■ **WHAT IS BEING ASKED**
An exact copy is needed of the lines in the entries below from the line with "哈尔滨烤冷面一般都是5块钱一" up to and including the line with "JAMUP スプレーモップ フロアモップ", and of nothing else. Leave the pictures out.

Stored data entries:
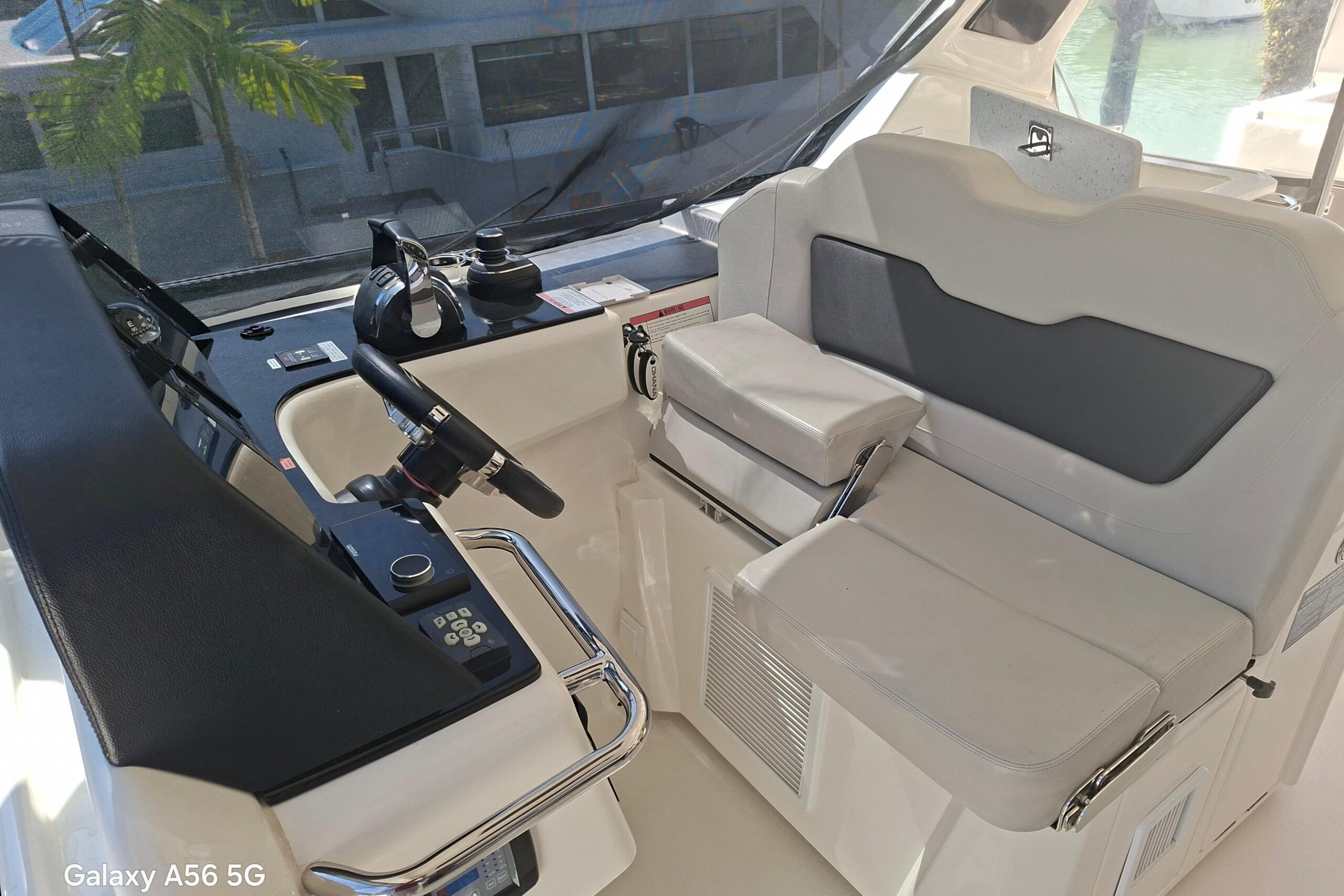 Refined Helm & Navigation SuiteThe helm is fully equipped for serious cruising, featuring a premium Raymarine offshore navigation package with dual 12” Axiom Pro displays, upgraded 24” HD radar, AIS, CHIRP sonar, VHF, and additional GPS antenna. This is a commanding, confidence-inspiring helm station designed for both seasoned owners and owner-operators.
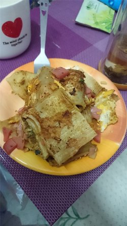 哈尔滨烤冷面一般都是5块钱一份,这个的味道确实不错,起码五块钱就能吃个半饱了吧,那层韧皮是特别的有特点的,很有弹性,上面还是抹了一层鸡蛋液的了,味道够浓重的,葱粒和火腿肠的香味都汇聚在这里了。不过辣椒粉太辣了,加了一点以后就全部都是辣椒的味道了。查看更多
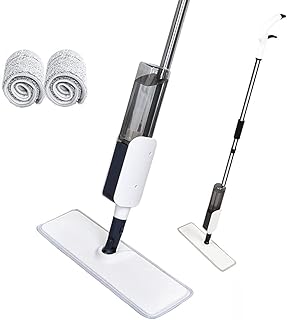 JAMUP スプレーモップ フロアモップ モップ 回転モップ パッド4枚付き 水拭きモップ 窓ガラス用 向上噴水可能 床掃除モップ 乾湿両用 回転式 扇形噴水 500ml大容量 軽量 フラットモップ 360度回転 床拭き 片手操作可能 収納簡単 (フロアモップ)
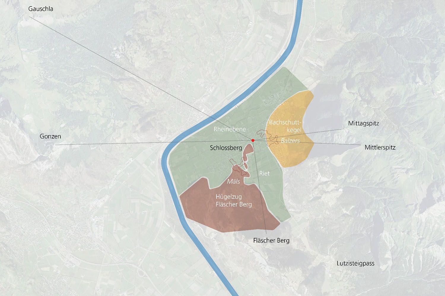 Im Verständnis, dass das Dorfzentrum inmitten der Landschaft der Rheinebene liegt, wird das Zentrum konsequent aus der Lektüre der Landschaft(en) entwickelt. Primär greift die strukturierte Fläche des Riets, durch den Friedhof inselartig gartenhistorisch überformt, zungenartig bis zum Gemeindesaal und Primarschulhaus vor. Aufgrund der Überformungen wird dieser Bereich als eine Art Landschaftspark für das Promenieren und die Erholung verstanden und in diesem Sinne konzeptionell bearbeitet. Östlich angrenzend liegt der repräsentative öffentliche Dorfplatz, aufgespannt zwischen dem aufgewerteten Gemeindesaal und der neuen Gemeindeverwaltung (Etappe 2). Wiederum östlich grenzt der funktional gestaltete Festplatz an.
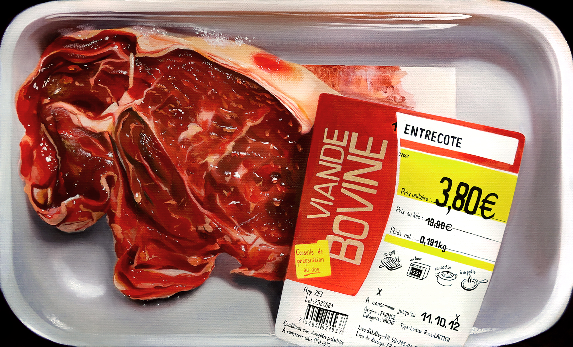 Considérer l'objet «morceau de viande» tel qu’il est massivement proposé aujourd’hui à la vente, sans y insuffler de jugement sur des enjeux sociétaux actuels et hors des codes de la vanité.

■ **OUTPUT**
 哈尔滨烤冷面一般都是5块钱一份,这个的味道确实不错,起码五块钱就能吃个半饱了吧,那层韧皮是特别的有特点的,很有弹性,上面还是抹了一层鸡蛋液的了,味道够浓重的,葱粒和火腿肠的香味都汇聚在这里了。不过辣椒粉太辣了,加了一点以后就全部都是辣椒的味道了。查看更多
 JAMUP スプレーモップ フロアモップ モップ 回転モップ パッド4枚付き 水拭きモップ 窓ガラス用 向上噴水可能 床掃除モップ 乾湿両用 回転式 扇形噴水 500ml大容量 軽量 フラットモップ 360度回転 床拭き 片手操作可能 収納簡単 (フロアモップ)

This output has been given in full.